Monitoring Lambda SLOs with CloudWatch Application Signals

Information

To reach a broader audience, this article has been translated from Japanese.
You can find the original version here.

Last month, CloudWatch Application Signals added support for AWS Lambda.

https://aws.amazon.com/jp/blogs/aws/track-performance-of-serverless-applications-built-using-aws-lambda-with-application-signals/

CloudWatch Application Signals is a new APM (Application Performance Monitoring) feature that debuted as a preview in 2023 and just became Generally Available (GA) this year.
Until now, it only supported EKS, ECS, and EC2, but it finally supports Lambda.

Application Signals intuitively visualizes metrics collected using OpenTelemetry as dashboards and service maps.
Furthermore, based on SLOs (Service Level Objectives), it supports rational operational improvements from a business perspective by measuring and managing the system's goal achievement.

This time, we will try this feature, which is gaining attention as AWS's standard APM tool, targeting Lambda functions.

Enabling Application Signals

To allow Application Signals to perform service discovery and measure SLOs, you need to grant access permissions to logs and metrics once initially.
Here, we enabled it via the Management Console.

Step 2 is to enable it for each service, so no action is needed here.

Implementing the Lambda Function to Monitor

First, we will create a Lambda function to monitor.
Here, we created the following Lambda event handler.

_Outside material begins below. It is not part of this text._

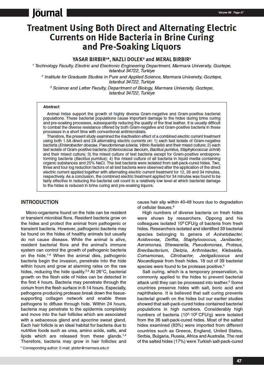 Treatment Using Both Direct and Alternating Electric Currents on Hide Bacteria in Brine Curing and Pre-Soaking Liquors

import type { APIGatewayProxyHandler } from 'aws-lambda';
import { PutObjectCommand, S3Client } from '@aws-sdk/client-s3';

const s3client = new S3Client();
const handler: APIGatewayProxyHandler = async () => {

  await s3client.send(new PutObjectCommand({
    Bucket: process.env.BUCKET_NAME ?? '',
    Key: Date.now().toString() + '.txt',
    Body: 'lambda-app-signal-test'
  }))
  const rand = Math.random();
  // Fail with 5% probability
  const success = rand > 0.05;
  if (!success) {
    throw new Error('oops!');
  }
  return {
    statusCode: 200,
    body: JSON.stringify({
      message: 'ok!',
    }),
  };
}

// Currently, when using ADOT with TypeScript, there is a constraint that prevents using the export statement
// https://github.com/aws-observability/aws-otel-lambda/issues/99#issuecomment-919993949
module.exports = { handler }

After putting to an S3 bucket, it generates an error with a 5% probability.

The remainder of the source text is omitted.